ARTICLE IX-STRATEGIC PLANNING AND EVALUATION

The Oldham County Historical Society’s Organizational Effectiveness Assessment Policy

The OCHS Board of Directors seeks to establish a policy measuring the effectiveness of the OCHS to ensure that the organization has defined, measurable goals and objectives in place to help evaluate the success, effectiveness and impact of its programs and services.

  1. A Strategic Planning and Evaluation (SP&E) committee comprised of the Executive Director, the Board Chair, the treasurer and two other Board members or employees as designated by the ED and Chair shall develop a strategic plan outlining the goals and objectives of the OCHS for the following two years.

  2. This committee shall also evaluate the effectiveness of the OCHS strategic plan for the previous year.

  3. The purpose of the strategic plan is to;

    1. Create an understanding of the purposes, uses and mission of the OCHS

    2. Foster an atmosphere of transparency

    3. Serve as an advocacy for increasing membership

    4. Serve as a method to entice contributions

    5. Provide clear goals for future growth and programs

    6. Facilitate smoother transitions when Board and staff turnover occur.

    7. Provide a tool for annual evaluation of effectiveness of OCHS in meeting its goals, objectives and fulfilling its mission

  4. The evaluation of the strategic plan shall include, but not be limited to;

    1. Identifying goals met from the previous strategic plan

    2. Identifying goals not met from the previous plan.

    3. Outlining why those goals were not met.

    4. Determining the relevance of unmet goal and whether to continue those goal(s).

  5. All OCHS staff and the Board of Directors shall have input into the strategic plan and evaluation.

  6. The Strategic Planning and Evaluation Committee shall submit a written report to the Board and membership

 

ARTICLE X-ANNUAL REPORT

The Oldham County Historical Society Annual Report

The Oldham County Historical Society shall publish an annual report each January

The Annual Report shall be prepared by a standing committee whose members shall be the ED, Chair, Vice Chair, Treasurer and other member(s) as determined by the chair.

The Annual Report shall consist of;

  1. The OCHS mission statement

  2. A summary of the past fiscal year’s program service accomplishments

  3. A roster of the officers and members of the board of directors

  4. Financial information including;

    1. Total revenue from the past fiscal year

    2. Total program expenses

    3. Total administrative costs

    4. Ending net assets

  5. The report shall be made available to the board, members and public

    1. The report shall be made available on the OCHS website.

 

 

ARTICLE XI- ANNUAL MEETING

1. The annual meeting, if needed or required as determined by the Executive Committee of the Oldham County Historical Society, Inc. shall be held following the Board of Directors meeting on the third Wednesday evening in December.
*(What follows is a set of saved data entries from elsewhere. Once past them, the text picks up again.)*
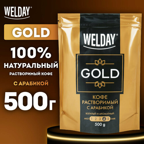 Кофе растворимый WELDAY "GOLD", сублимированный, 500 г, мягкая упаковка, 622673
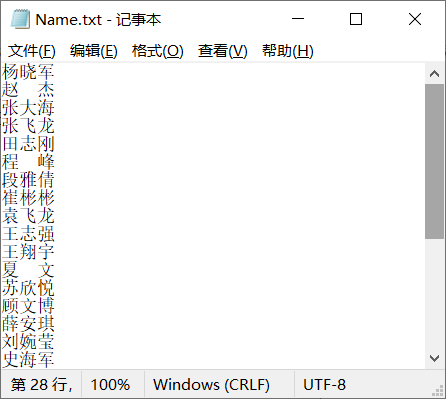 下面给出的随机点名的例子,可从文本文件中读入人员名单,请准备人员名单文本文件,每人占一行,如:
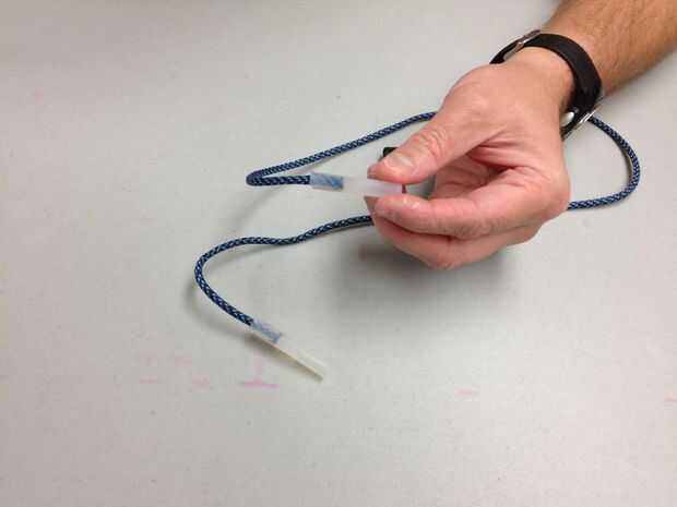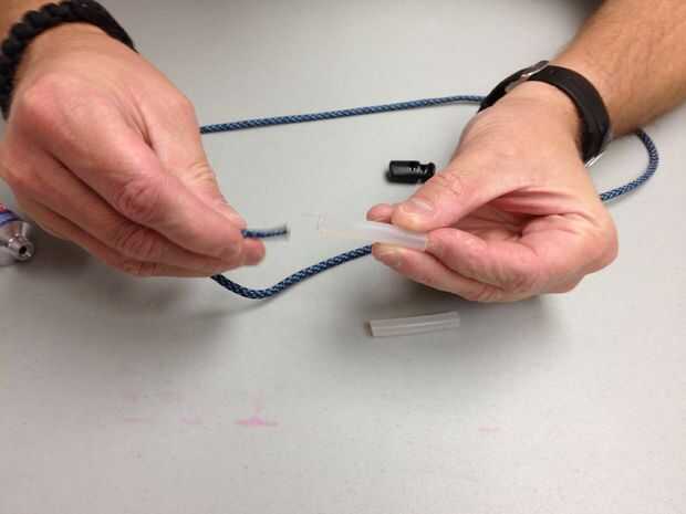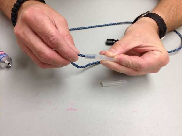 El adhesivo se forma alrededor de paracord, si después el pegamento se seca y el paracord se desliza hacia fuera cuando, repita este paso con las mismas piezas. El adhesivo puede no han llenado lo suficiente alrededor de la médula y no puede haber hecho un vínculo lo suficientemente bueno. Repetir este paso llenar las lagunas y hacer un mejor sello. También puede tratar de desbaste hasta el interior de los tubos con papel de lija (no mostrado). Otros artículos se pueden utilizar para fijar el extremo alrededor del paracord así.

The annual meeting of the membership, the Board of Directors will give a report of the changes of Officers and By-Laws and the activities of the previous year. The anticipated programs for the coming year and anticipated financial needs could also be presented.

ARTICLE XII- AMENDMENT OF BY-LAWS

1. Alterations and amendments or repeals of the By-Laws may be made by the Board of Directors by a two-thirds (2/3) majority of the Directors present and voting.